Sheena Lipp worked
for Cargill from 1995 until her termination in 2014. In 2000, Lipp was
diagnosed with an incurable lung disease which required several work
restrictions starting in 2012, including: out of town doctor’s appointments,
days off during “flare ups,” a working environment free from dust or dirt, and
lifting assistance. Cargill accommodated each and every request. Cargill had a
progressive disciplinary attendance policy that allowed six unplanned absences
a year without discipline. Additional absences would trigger written warnings
followed by termination. The attendance policy also stated that employees may
be required to provide medical verification of an illness related absence.
In January of
2014, Lipp went on a nine month unplanned absence related to the health
conditions of her mother.

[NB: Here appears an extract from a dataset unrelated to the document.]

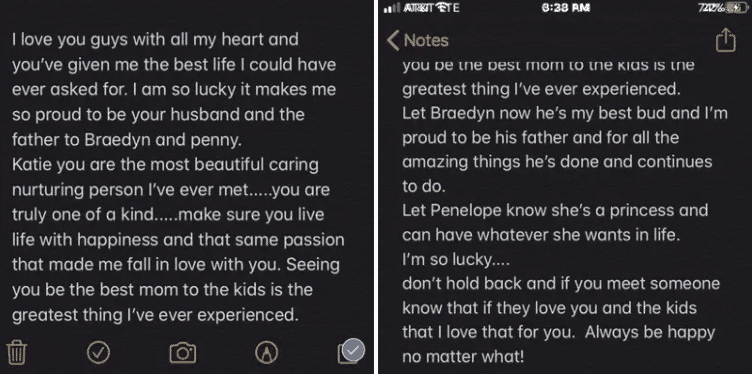 Among these items was his phone, which Katie went through and she found a note that Jon had written for her in the event of his death.

When she returned in October, Lipp had accrued 194
unplanned absences and was given a last chance warning. Shortly after, Lipp
called in sick to work without medical verification (as required by Cargill
policy) and was terminated from her employment.
The 8th
Circuit affirmed the lower court’s summary judgment in favor of Cargill finding
that Lipp could be terminated because Lipp was not a qualified individual under
the ADA due to the high number of unplanned absences which amounted to an
inability to meet an essential function of her job—attendance. The court
further held that Lipp’s argument that Cargill failed to accommodate her after
she returned to work by refusing to provide intermittent time off for her lung
condition was not reasonable because additional absences would not enable her
to perform the essential function of regular and reliable attendance but would
actually relieve her of that function—which is not required under the ADA's
protections. Finally, Lipp argued that 195 absences were reasonable because
although Cargill could have terminated Lipp after 9 unauthorized absences it
did not do so. The 8th Circuit noted that an employer who bends over
backwards for its employees “must not be punished for its generosity by being
deemed to have conceded the reasonableness of so far-reaching an accommodation.”
As redeeming as
this decision may seem to employers well-versed with absentee employees, it is
important to remember that discrimination and reasonable accommodation cases
are very fact specific. We cannot
stress enough the importance of the interactive process between an employer and
employee. An employer must be careful when determining which absences are
authorized and unauthorized—especially if the employer is looking to change
course from how it made attendance decisions in the past.